• **PROVIDED DATA**:
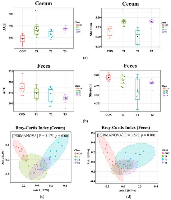 Analysis of alpha and beta diversity in 7−week-old rats orally administered different doses of deoxynivalenol (DON) for 42 days. Alpha diversity in the (a) cecum and (b) feces was assessed using the abundance-based coverage estimator (ACE) and Shannon indices. In the cecum, both the ACE and Shannon indices were increased in the DON treatment groups (p < 0.001). Conversely, in the feces, both indices were decreased in the DON treatment groups (p < 0.001). Beta diversity in the (c) cecum and (d) feces was analyzed using the Bray–Curtis index, revealing distinct shifts in microbiome composition. Significant differences (p = 0.001) were found among the dietary treatment groups in both cecal and fecal samples. Treatment groups: CON: control group, 0.9% saline by gavage; T1: 0.5 mg/L DON with 0.9% saline by gavage; T2: 50 mg/L DON with 0.9% saline by gavage; T3: 100 mg/L DON with 0.9% saline by gavage.
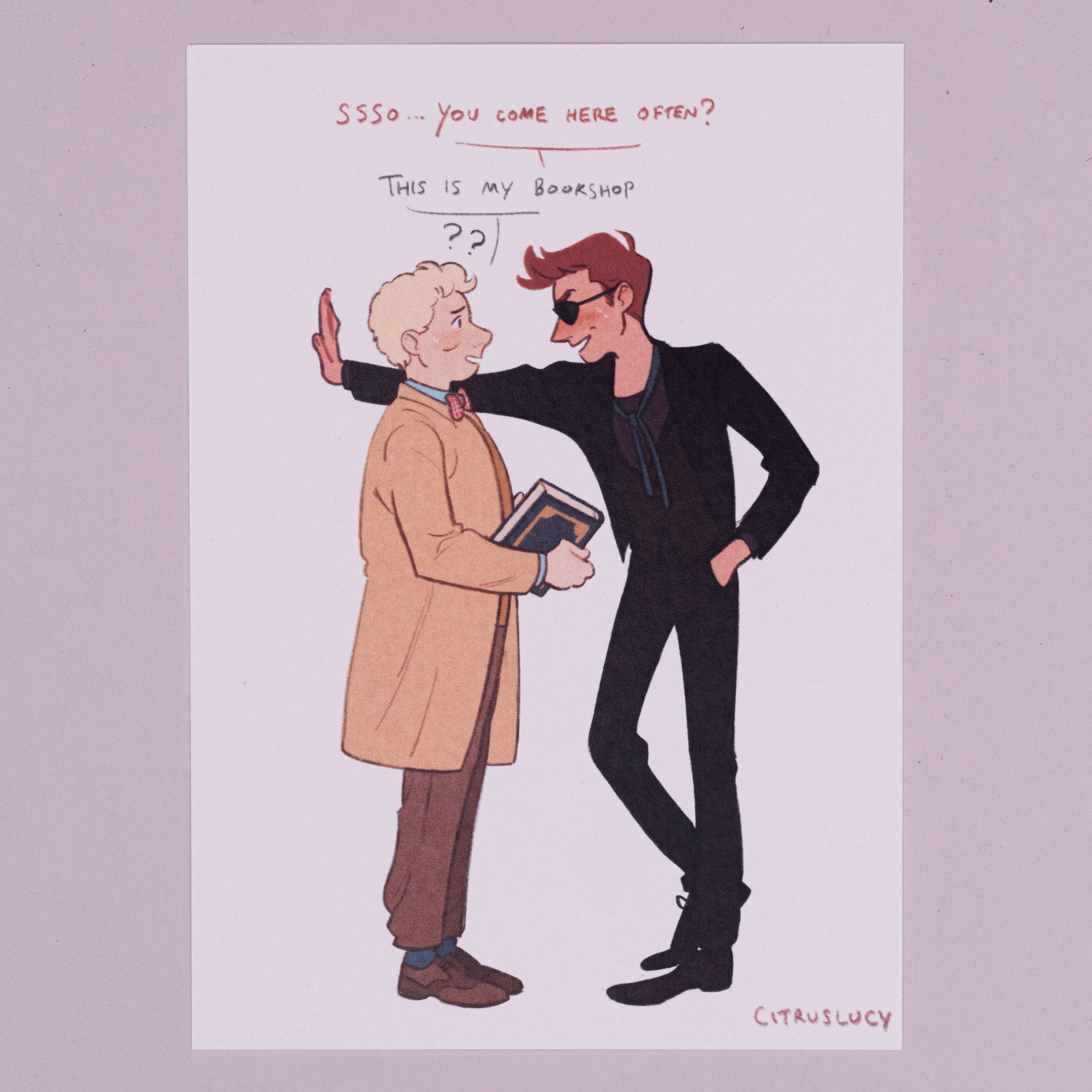 A6 postcard fan art print inspired by Aziraphale and Crowley from Good Omens.
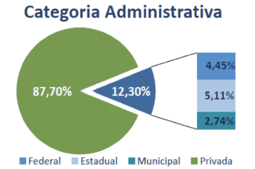 De acordo com o Censo da Educação Superior de 2016 (INEP), verifica-se um aprofundamento do viés privatizante, com a predominância da categoria privada em 87,70% do total de IES, enquanto as públicas registram apenas 12,30%. (Cf. Gráfico 1)
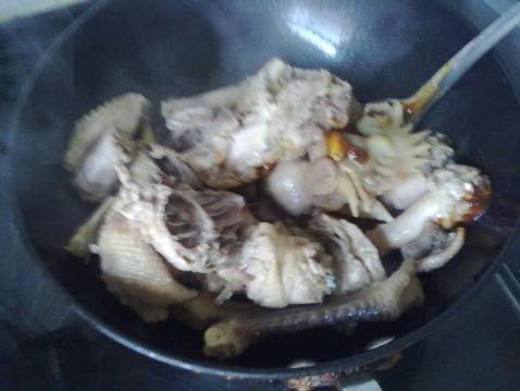 8、待锅中还剩一碗水的时候,加入适量盐,大火收汁即可。
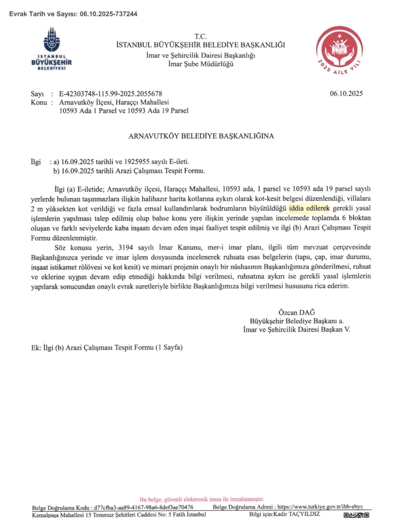 Kişisel mülkiyetine dair iddiaları da net bir dille yalanlayan Başkan Candaroğlu, “Evimin çatısından, penceresinden, manzarasından bahsediyor. Buraları belediye başkanı olmadan çok önce aldım. Biz buraya yeni gelmedik; 50 yıldır Arnavutköy’deyiz.” dedi. Başkan, söz konusu yapının 150 metrekare taban oturumuna sahip olduğunu belirterek, “Silivri’deki şahsın Boğaz’a nazır malikanesinin garajı kadar bile değil. Ben Sarıyer’de üç villa almadım, birilerine malikanelerimi döşetmedim. İBB geldi, santim santim ölçtü, bir usulsüzlük bulamadı. İşte belgesi.” diyerek iddiaları çürüttü.
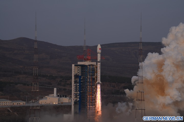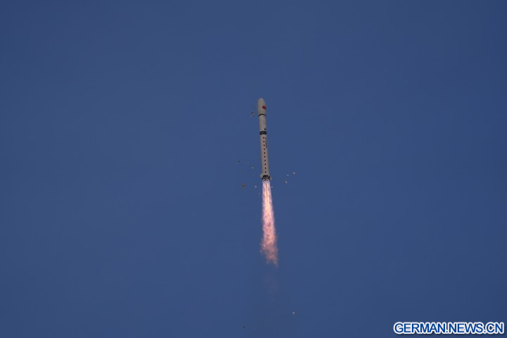 Die Rakete startete um 6:51 Uhr (Ortszeit Beijing) und brachte die beiden Satelliten „Siwei Gaojing-2 05“ und „Siwei Gaojing-2 06“ in ihre vorgesehene Umlaufbahn. (Foto von Wang Yapeng/Xinhua)

• **ABOUT THIS EXERCISE**:
From the records given above, reproduce all text exactly and exclude each picture.

• **SOLUTION TO THIS EXERCISE**:
 Analysis of alpha and beta diversity in 7−week-old rats orally administered different doses of deoxynivalenol (DON) for 42 days. Alpha diversity in the (a) cecum and (b) feces was assessed using the abundance-based coverage estimator (ACE) and Shannon indices. In the cecum, both the ACE and Shannon indices were increased in the DON treatment groups (p < 0.001). Conversely, in the feces, both indices were decreased in the DON treatment groups (p < 0.001). Beta diversity in the (c) cecum and (d) feces was analyzed using the Bray–Curtis index, revealing distinct shifts in microbiome composition. Significant differences (p = 0.001) were found among the dietary treatment groups in both cecal and fecal samples. Treatment groups: CON: control group, 0.9% saline by gavage; T1: 0.5 mg/L DON with 0.9% saline by gavage; T2: 50 mg/L DON with 0.9% saline by gavage; T3: 100 mg/L DON with 0.9% saline by gavage.
 A6 postcard fan art print inspired by Aziraphale and Crowley from Good Omens.
 De acordo com o Censo da Educação Superior de 2016 (INEP), verifica-se um aprofundamento do viés privatizante, com a predominância da categoria privada em 87,70% do total de IES, enquanto as públicas registram apenas 12,30%. (Cf. Gráfico 1)
 8、待锅中还剩一碗水的时候,加入适量盐,大火收汁即可。
 Kişisel mülkiyetine dair iddiaları da net bir dille yalanlayan Başkan Candaroğlu, “Evimin çatısından, penceresinden, manzarasından bahsediyor. Buraları belediye başkanı olmadan çok önce aldım. Biz buraya yeni gelmedik; 50 yıldır Arnavutköy’deyiz.” dedi. Başkan, söz konusu yapının 150 metrekare taban oturumuna sahip olduğunu belirterek, “Silivri’deki şahsın Boğaz’a nazır malikanesinin garajı kadar bile değil. Ben Sarıyer’de üç villa almadım, birilerine malikanelerimi döşetmedim. İBB geldi, santim santim ölçtü, bir usulsüzlük bulamadı. İşte belgesi.” diyerek iddiaları çürüttü.
 Die Rakete startete um 6:51 Uhr (Ortszeit Beijing) und brachte die beiden Satelliten „Siwei Gaojing-2 05“ und „Siwei Gaojing-2 06“ in ihre vorgesehene Umlaufbahn. (Foto von Wang Yapeng/Xinhua)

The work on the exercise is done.